Borrowed, Learned, & Thought (or BL&T) is a weekly newsletter sent on Mondays. In every edition, I share a borrowed idea (quote, excerpt), a lesson learned from the previous week, and a thought starter heading into the new week. Learn more and subscribe here.
"The human body is the best picture of the human soul."
Every quarter, I join Peter, Sei-Wook, and Wes (the other Barrel partners) for an all-day planning meeting. We reflect on the past three months and define our focus for the next three months. The day always moves quickly and I leave feeling energized - even on Zoom! We met last week to prepare for Q4.
We consistently end these meetings with the same sentiment: "Well, we have a lot of work to do. Let's do it!" This time, there was one nuance - the work.
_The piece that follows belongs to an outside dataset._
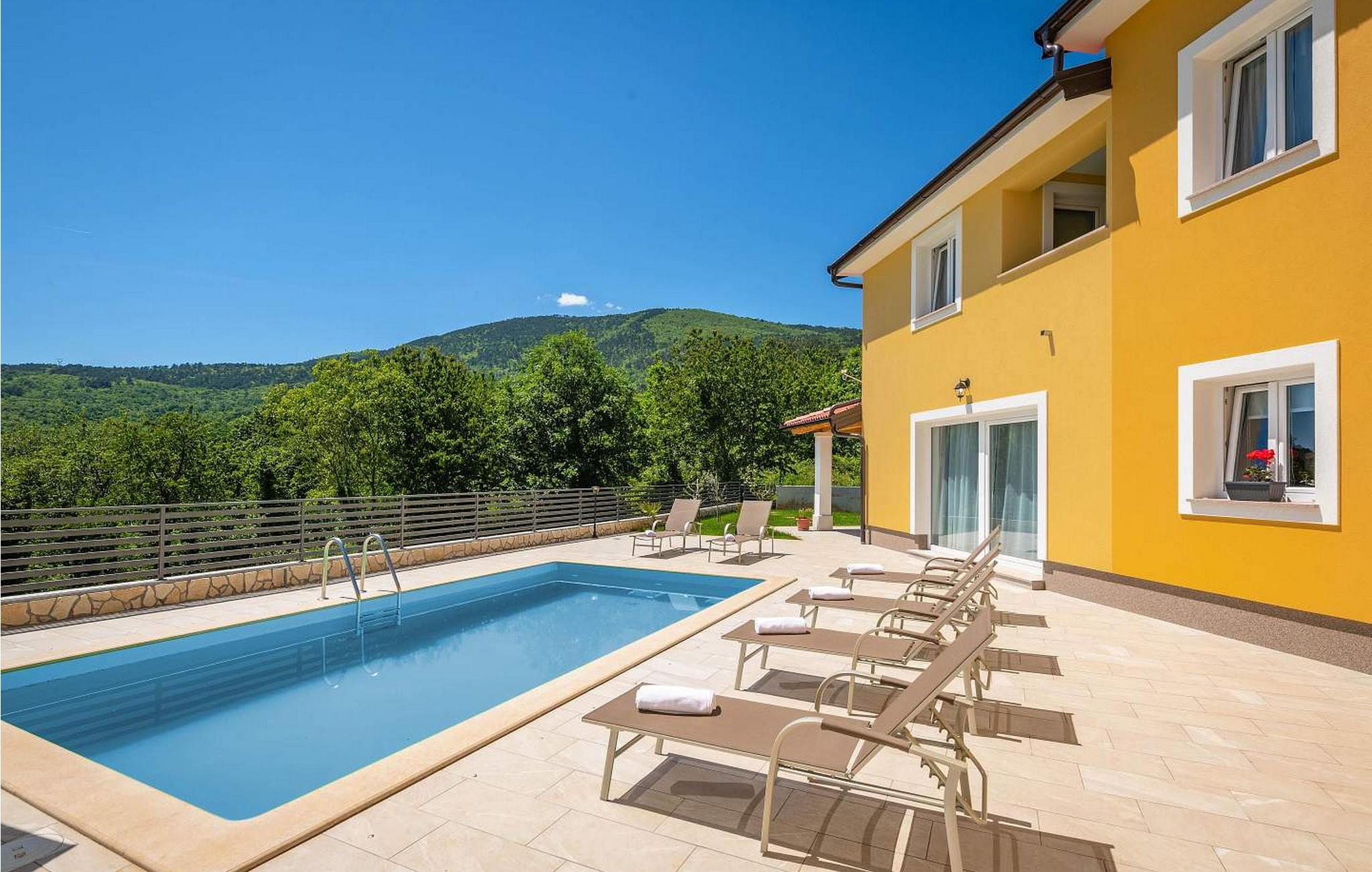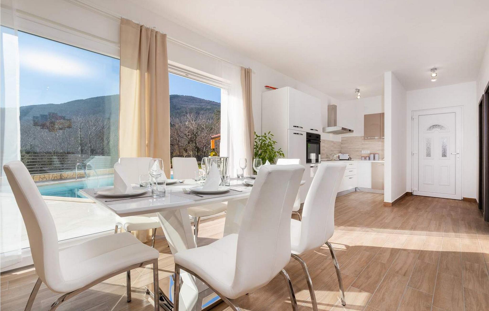 Villa Terra er et nybygget og rummeligt hus beliggende i en rolig beliggenhed, over den lille landsby Moscenice, nær kystbyen Moscenicka Draga med den smukke stenstrand Sipar. Ved siden af ??huset er der en bio-grøntsagshave til gæsternes rådighed. For dem, der ønsker at besøge den berømte Adriaterhavsperle Opatija eller byen Rijeka, vil det kun tage 30 - 40 minutter i bil. Denne unikke beliggenhed giver dig muligheden for en afslappende ferie væk fra de overfyldte, larmende veje med smuk panoramaudsigt over havet i uspoleret natur ved Ucka-bjerget nedad. Villa Terra ligger på en fuldt indhegnet have på 1300 kvm og tilbyder sine gæster en udendørs pool på 32 kvm med en rummelig solterrasse og liggestole, to overdækkede terrasser udstyret med bord og stole til 6 personer, en stor overdækket terrasse på forsiden af huset med grill og faciliteter såsom bordfodbold og bordtennis, 2 parkeringspladser inde i ejendommen og 2 mere på ydersiden og en legeplads. Villa Terra med et samlet areal på 220 kvm kan rumme op til 8 gæster. Den består af to separate boligenheder, hver enhed med følgende layout: i stueetagen er der stue, spisestue og udstyret køkken og et bad/toilet; på øverste etage er der to soveværelser, et med dobbeltseng og eget bad/toilet og et med separate senge og eget bad/toilet. Soveværelserne deler balkon med flot panoramaudsigt. Huset er fuldt airconditioneret. Bemærk venligst, at denne ejendom ikke accepterer ungdomsgrupper eller polterabends. En ungdomsgruppe på denne ejendom er en gruppe bestående af personer på 26 år eller derunder. Book ikke denne ejendom, hvis du er en ungdomsgruppe eller et polterabend, da din reservation vil blive afvist efter booking, hvilket kan omfatte ved ankomst til ejendommen eller under dit ophold, og du vil ikke blive refunderet.

When looking back on previous meetings, we've found that we don't always see the big picture. When it feels like there's a lot that isn't working, it's hard not to be reactive. In time, we've found that these types of issues are better tackled in collaboration with those closest to the day-to-day processes. We can't expect to make them vanish on our own and truthfully, many of them will always be a challenge.
In our meeting last week, we didn't get hung up on these "pressing" issues; we gave them their space and moved on. Our focus for Q4 is not a bunch of band-aids to fix what feels like it isn't working right now. Instead, we defined the opportunities that we believe will take the business into uncharted territory. That's exciting.
As we ended our meeting, I thought: "We've come a long way. Let's keep it going!"
Fun fact: We used to hold our quarterly meetings on the weekend. It seemed impossible for the four of us to be out for an entire day at the same time. Last week, we met on a Thursday. While it might seem small, it represents something much larger: growth. Five years from now, I can only imagine what I might write about this meeting. I can't wait to find out.
Lesson? If you paint a wall and watch it dry, it may be challenging to see the color change as the paint becomes less wet. You may grow impatient or even tempted to try a new color. If you paint a wall and step away for a few hours, your experience will change. When you return, you’ll be surprised to find that the color is much closer to what you expected. Not to mention - your mind is clear and you've had a break.
If I wrote myself a letter five years ago, what would it say? How would I reply today?